My application is running on Google App Engine and most of requests constantly gets yellow flag due to high CPU usage. Using profiler I tracked the issue down to the routine of creating jinja2.Environment
instance.
I'm creating the instance at module level:
from jinja2 import Environment, FileSystemLoader
jinja_env = Environment(loader=FileSystemLoader(TEMPLATE_DIRS))
Due to the Google AppEngine operation mode (CGI), this code can be run upon each and every request (their module import cache seems to cache modules for seconds rather than for minutes).

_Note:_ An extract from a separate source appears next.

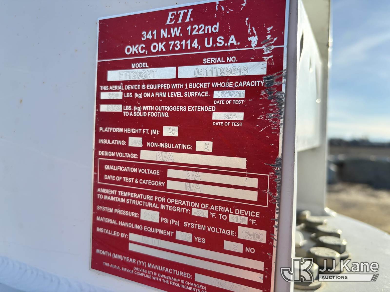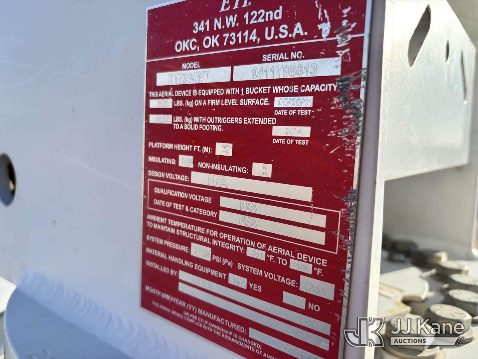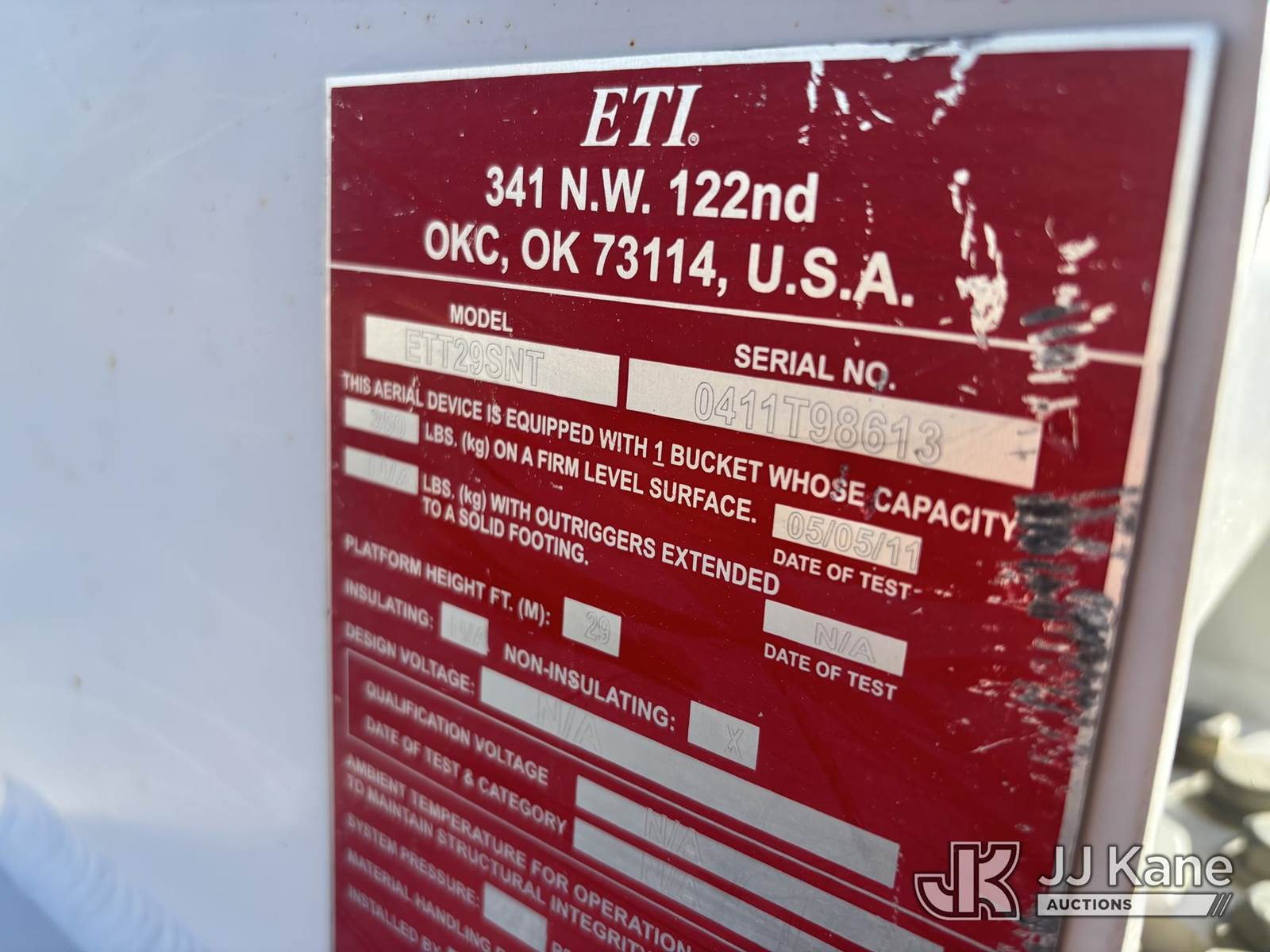 ETI ETT29-SNT, 34 ft, Telescopic Bucket Truck s/n 0411T98613, with single-man bucket, mounted behind cab on 2011 Dodge Ram 4500 Regular Cab 4WD Service Truck, 6.7L L6 OHV 24V TURBO DIESEL Auto, A/C, (140,666 miles) (Runs, Moves & Upper Operates.) This is a Titled Item NOTE: This unit is being sold AS IS/WHERE IS via Timed Auction and is located in Nampa, ID. For Inquires please contact Mike at mike.vantrimpont@jjkane.com or 208-986-2285 (Monday Through Friday 8am to 4pm Mountain Time) (Missing manuals, See Auction Company for Manufacturers Information to obtain manuals) (Buyer is responsible for removal. Assistance by consignor or JJ Kane Auctions is not assured.)

I was thinking about storing the environment instance in memcache, but it seems to be not picklable. FileSystemLoader
instance seems to be picklable and can be cached, but I did not observe any substantial improvement in CPU usage with this approach.
Anybody can suggest a way to decrease the overhead of creating jinja2.Environment
instance?
Edit: below is (relevant) part of profiler output.

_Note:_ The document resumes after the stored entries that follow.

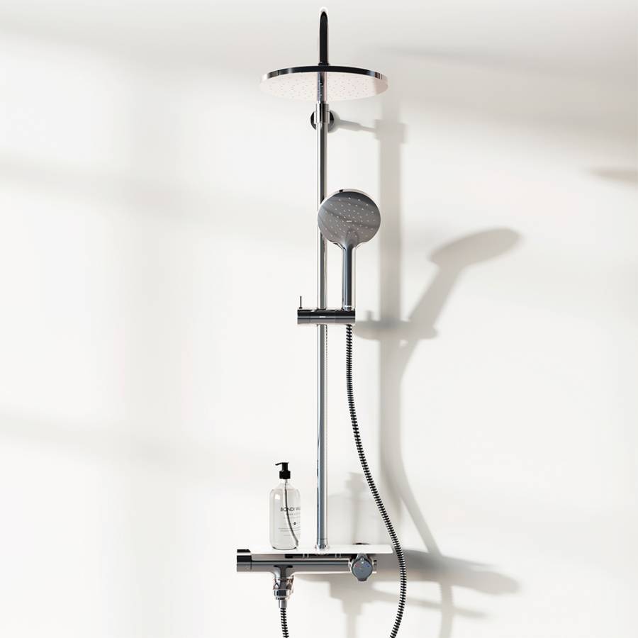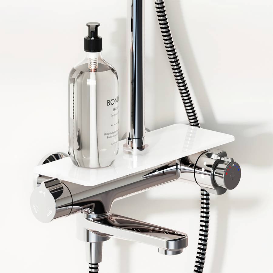 Непревзойдённый комфорт и удобство: смеситель выполнен в виде компактной полочки где вы можете хранить все необходимые вещи. Благодаря телескопической штанге с диапазоном регулировки 400 мм ежедневные процедуры будут одинаково комфортны для людей любого роста. Большое количество форсунок с микроотверстиями которые распределяют поток мягкими равномерными струями обеспечит вам расслабляющий эффект настоящего домашнего SPA._x000D_
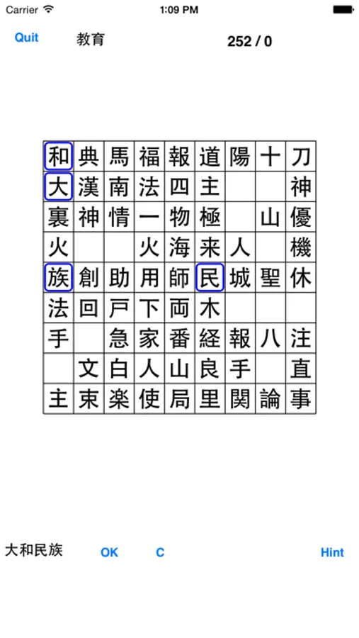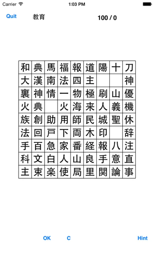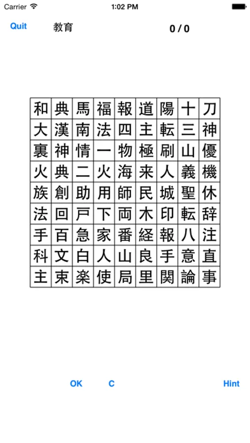 シャッフルされた日本語の漢字の中から二字・三字・四字熟語を探してタッチしながら文字を消してゆくゲームです
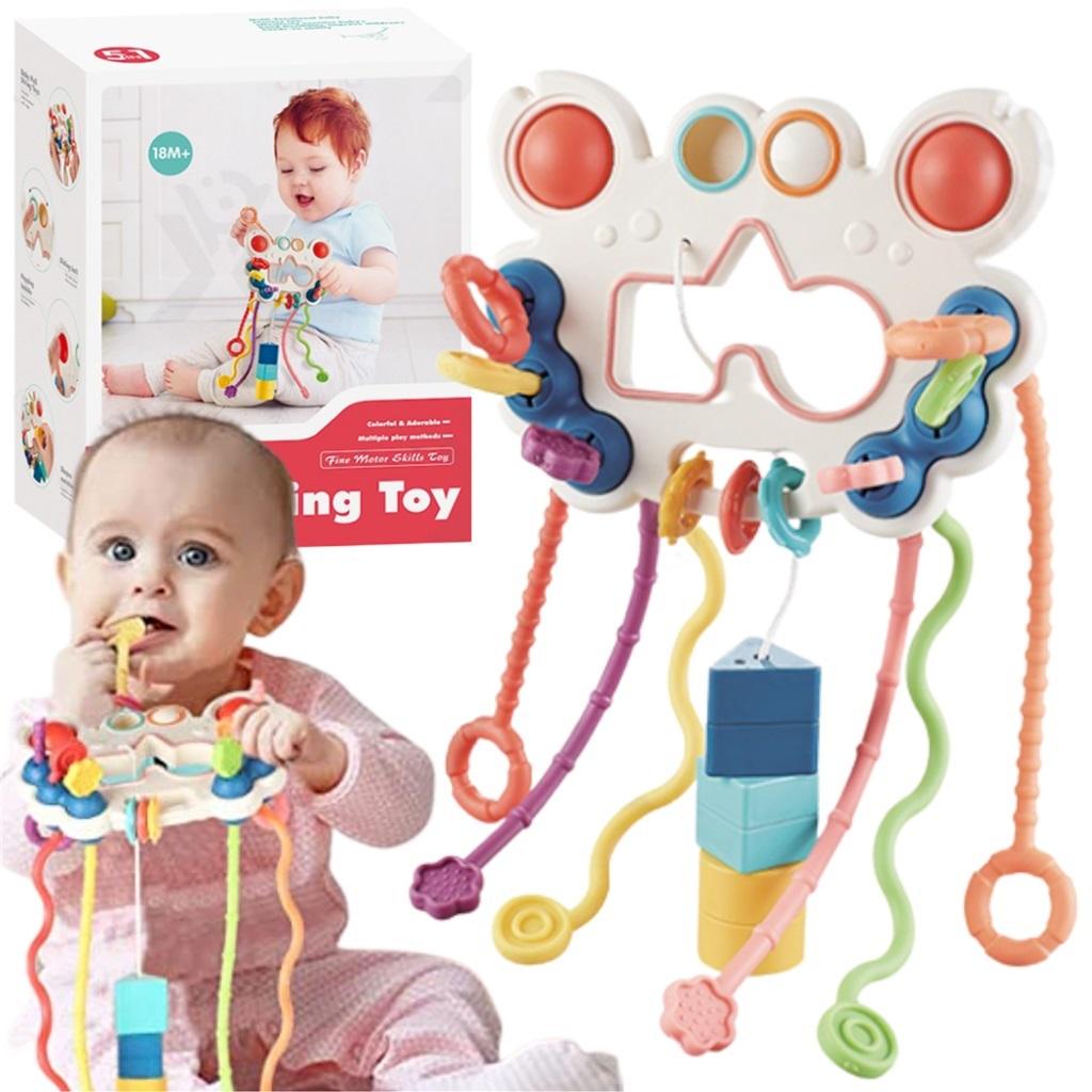 Każdy sznurek ma inny kolor, co pomaga w rozwijaniu poznawania kolorów u dziecka. Maluch może obserwować i porównywać kolory, a także uczyć się nazw kolorów podczas zabawy z krabem.

222172 function calls (215262 primitive calls) in 8.695 CPU seconds
ncalls tottime percall cumtime percall filename:lineno(function)
33 1.073 0.033 1.083 0.033 {google3.apphosting.runtime._apphosting_runtime___python__apiproxy.Wait}
438/111 0.944 0.002 2.009 0.018 /base/python_dist/lib/python2.5/sre_parse.py:385(_parse)
4218 0.655 0.000 1.002 0.000 /base/python_dist/lib/python2.5/pickle.py:1166(load_long_binput)
1 0.611 0.611 0.679 0.679 /base/data/home/apps/with-the-flow/1.331879498764931274/jinja2/environment.py:10()
One call, but as far I can see (and this is consistent across all my GAE-based apps), the most expensive in the whole request processing cycle.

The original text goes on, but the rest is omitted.